■ WHAT YOU HAVE TO DO
From the line containing "近一年(2024年11月20" to the line containing "In the dying" in the records below, set down every line exactly as it stands, both ends included, and skip the pictures.

■ PROVIDED RECORDS

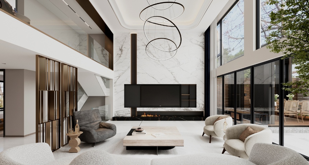 青島別墅裝修-保利紅島灣裝修-現(xiàn)代輕奢風(fēng)格-青島東方家園裝飾
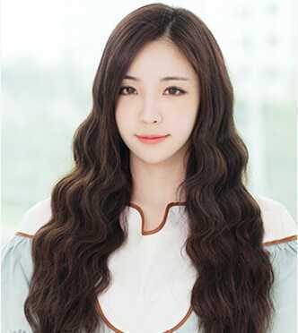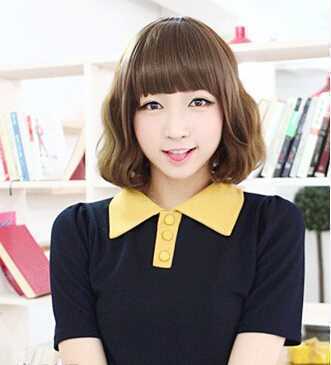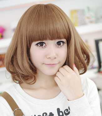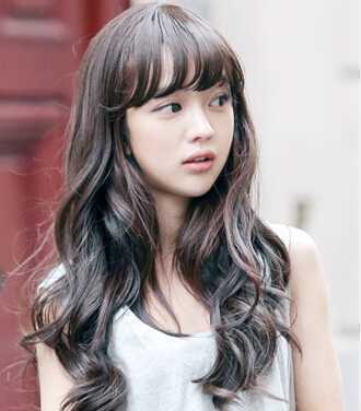 括弧型的内扣刘海正好遮住额头,起到了很好的修饰脸型的效果,让原本圆润的脸型凸显立体感,蓬翘的波浪卷发配上可爱的齐刘海,打造韩式清甜萝莉。
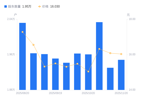近一年(2024年11月20日至2025年11月20日),必创科技A股股东户数从2.04万户,减低至1.95万户,降幅4.38%,区间股价下跌17.79%。
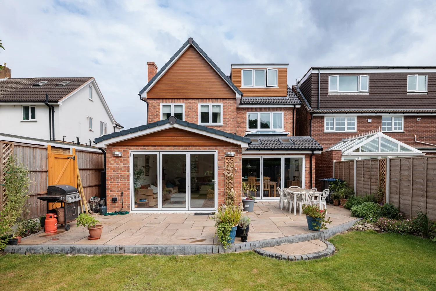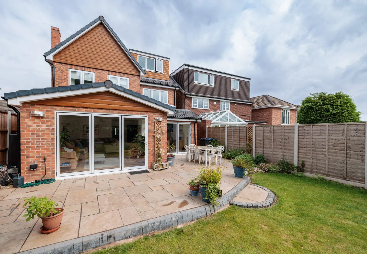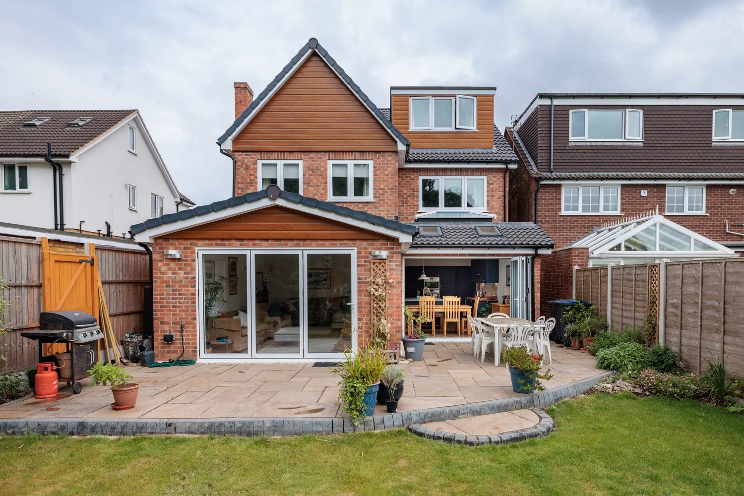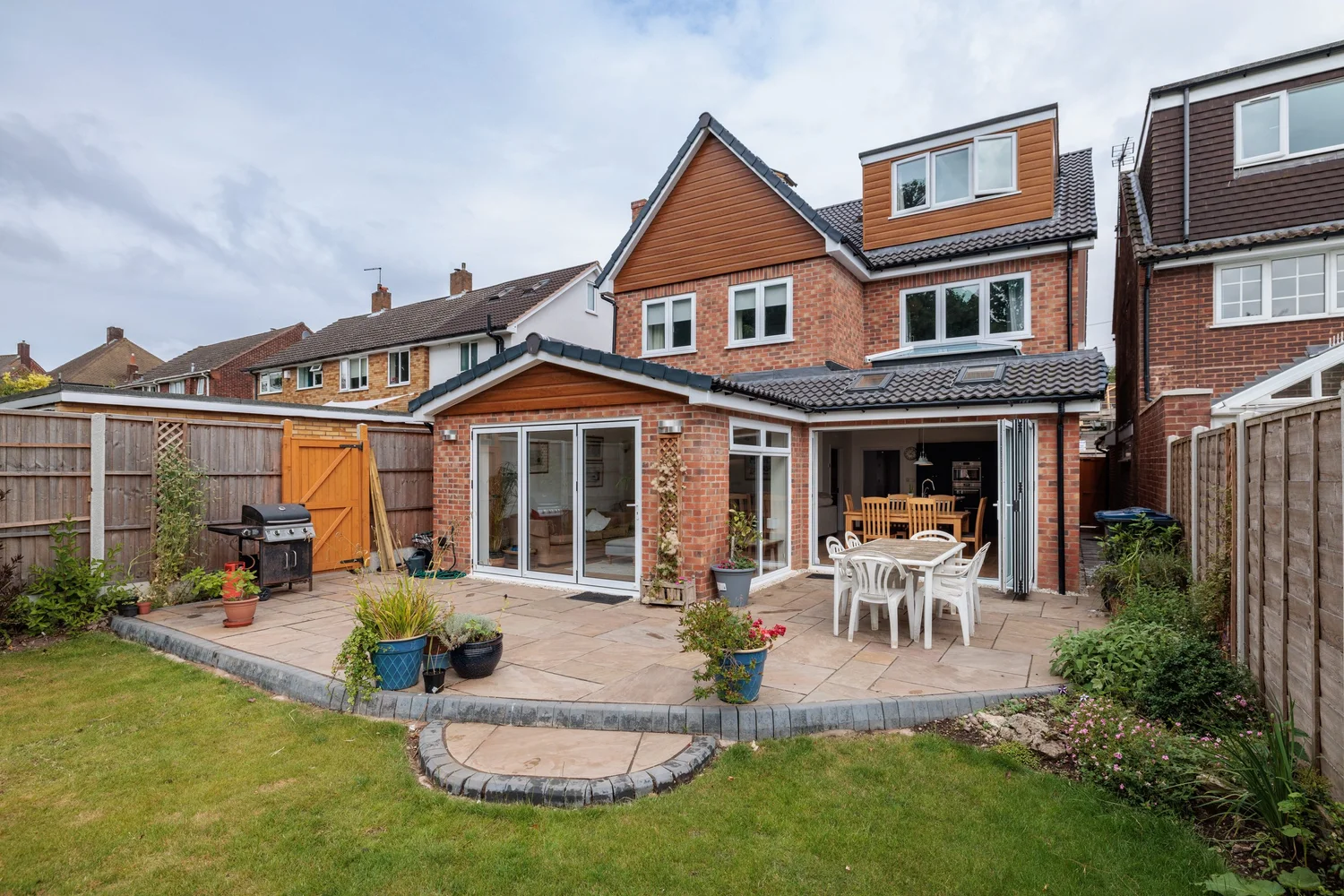 With its bold architectural design and striking presence, this new build stands out as a statement home while offering practical, flexible spaces across all three floors.
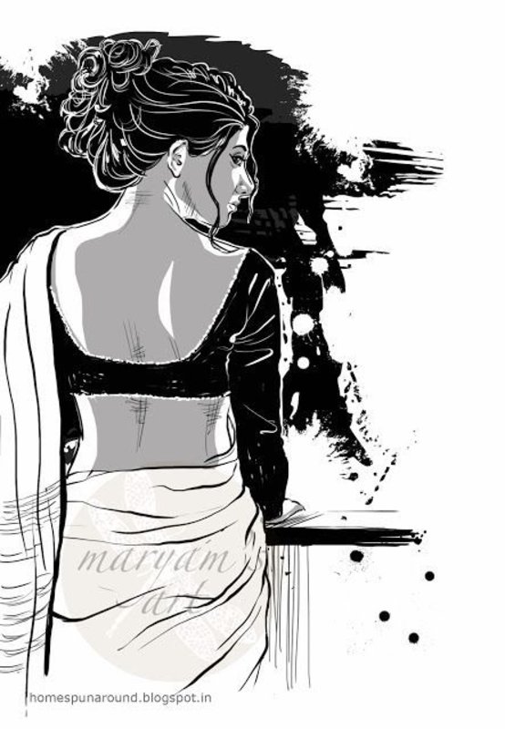 In the dying lights of the hazy evening – flags fluttering raucously around her in a sudden solitary gust of wind – sat the spiritual leader of the ashram. Her upright figure was draped loosely within the single fabric of a white saree. Locks of her long golden hair hung loose about her face and bare shoulders. She held herself in a position of meditation – body erect, chin up, deep breaths in and out, the beginnings of a mocking smile lingering along the corners of her mouth. The soft fabric of the saree crossed upward across her gently heaving bosom, falling in a pleat down her back, leaving one of her sides bare down to the waist. I found myself stealing glances at the beautiful exposed curve of her body, her flat stomach, her lips. Yet another gust of wind made the fabric flutter about her body, uncovering momentarily the swell of one of her breasts. She opened her eyes and looked at me.
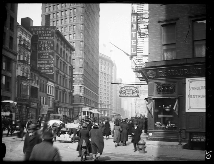 Broadway Series. View looking south from 31st Street (taken from 2nd floor window) showing east side of Broadway. The Grand Hotel is seen at left corner. Hofbrau House (Janssen's) is seen in middle di
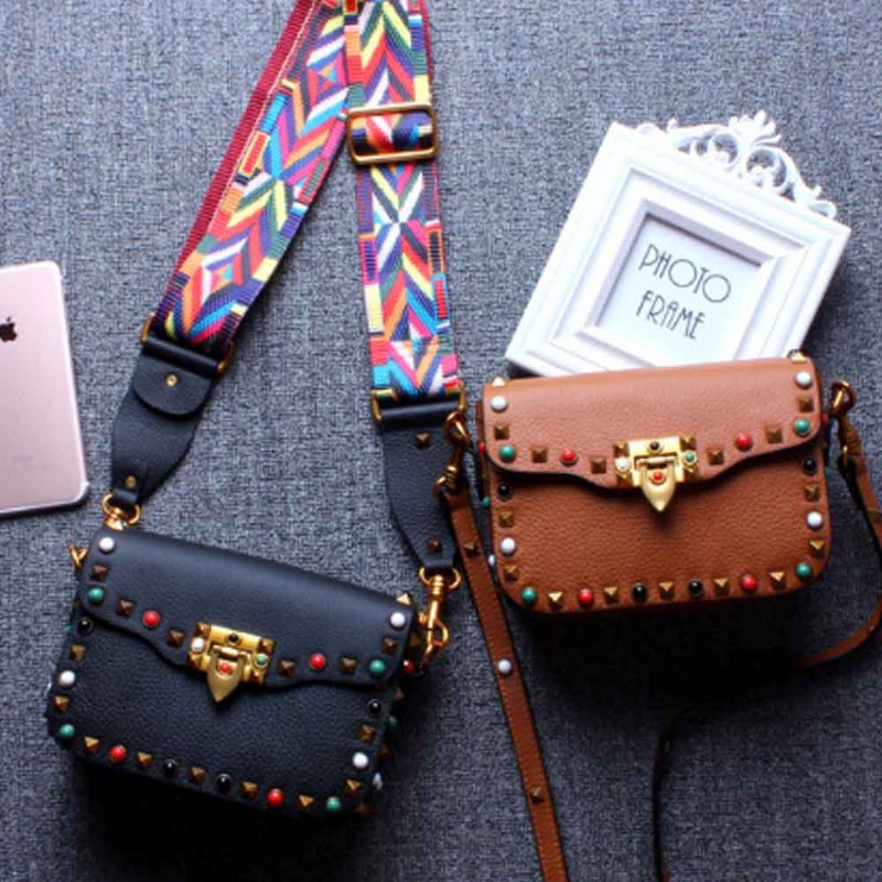 Farba Zahustená Bavlnená Taška Cez Rameno So Širokou Stuhou Kožená Diagonálna Pre Ženy 2023
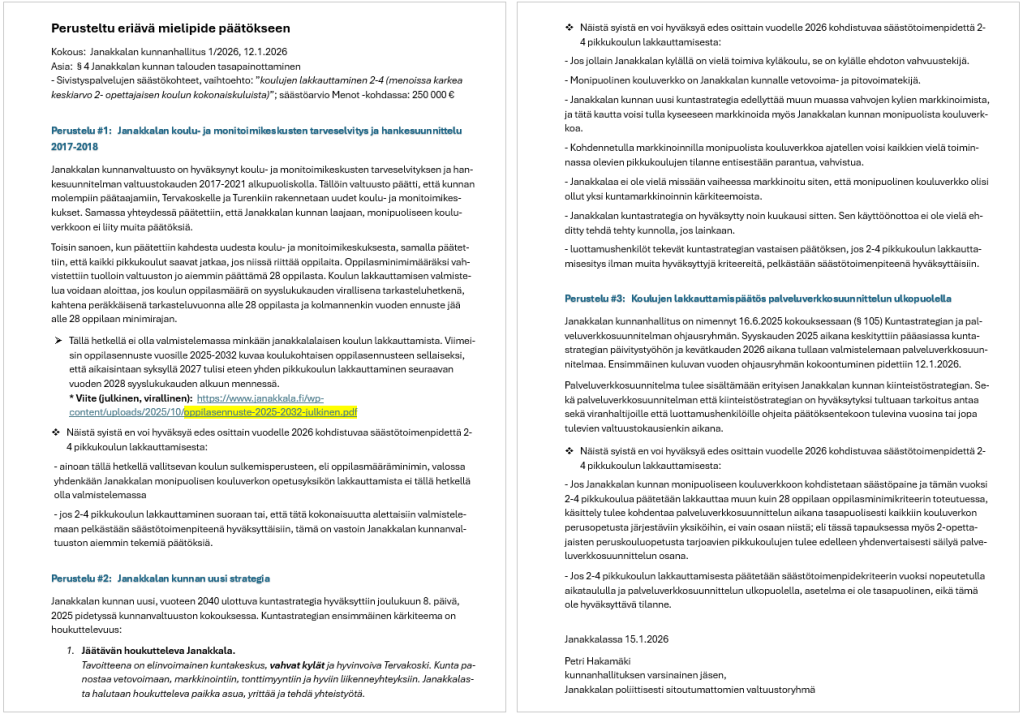Perusteltu eriävä mielipide 15.1.2026 – Petri Hakamäki; Asia Jankh 1/2026 12.1.2026 §4.
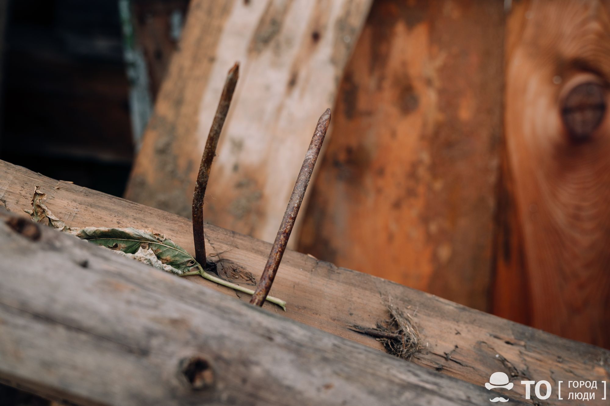 Например, целое ведро старинных кованых гвоздей. Доски для межэтажного настила — они, кстати, отличаются между собой: для чердачного перекрытия использовались более толстые плахи, чем между первым и вторым этажом. И направляющая для обшивки дома (на фото).
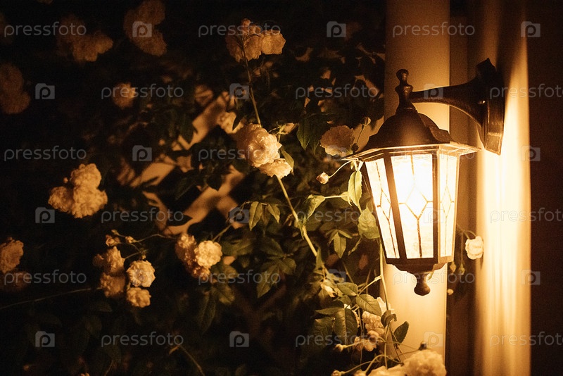 Винтажный наружный фонарь, освещаемый ночью в окружении летящих белых роз и зеленых листьев на стене, создает теплую и гостеприимную атмосферу
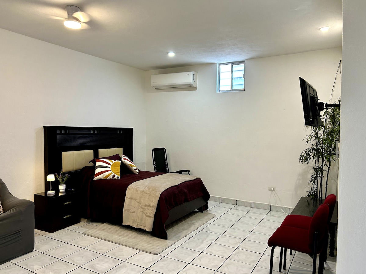 Departamento entero, en recámara tiene cama King Size y 2 sofá cama, aire acondicionado frio/calor, TV, closet y cajoneras. Además, tiene exclusivamente para ti: sala con 2 sofá cama, baño completo, barra comedor, cocina (con refri, estufa, micro ondas, horno, cafetera, nutribullet, sartenes, platos, etc.) Wi-fi rápido de 80MB, TV en sala.
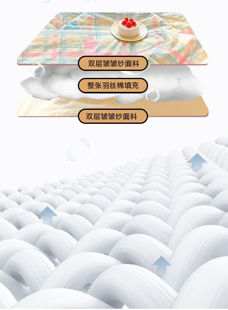 川悦生活 2026新款A类双层皱皱纱夏被空调被 夏被杏仁小星星

■ ANSWER FOR THIS EXERCISE
近一年(2024年11月20日至2025年11月20日),必创科技A股股东户数从2.04万户,减低至1.95万户,降幅4.38%,区间股价下跌17.79%。
 With its bold architectural design and striking presence, this new build stands out as a statement home while offering practical, flexible spaces across all three floors.
 In the dying lights of the hazy evening – flags fluttering raucously around her in a sudden solitary gust of wind – sat the spiritual leader of the ashram. Her upright figure was draped loosely within the single fabric of a white saree. Locks of her long golden hair hung loose about her face and bare shoulders. She held herself in a position of meditation – body erect, chin up, deep breaths in and out, the beginnings of a mocking smile lingering along the corners of her mouth. The soft fabric of the saree crossed upward across her gently heaving bosom, falling in a pleat down her back, leaving one of her sides bare down to the waist. I found myself stealing glances at the beautiful exposed curve of her body, her flat stomach, her lips. Yet another gust of wind made the fabric flutter about her body, uncovering momentarily the swell of one of her breasts. She opened her eyes and looked at me.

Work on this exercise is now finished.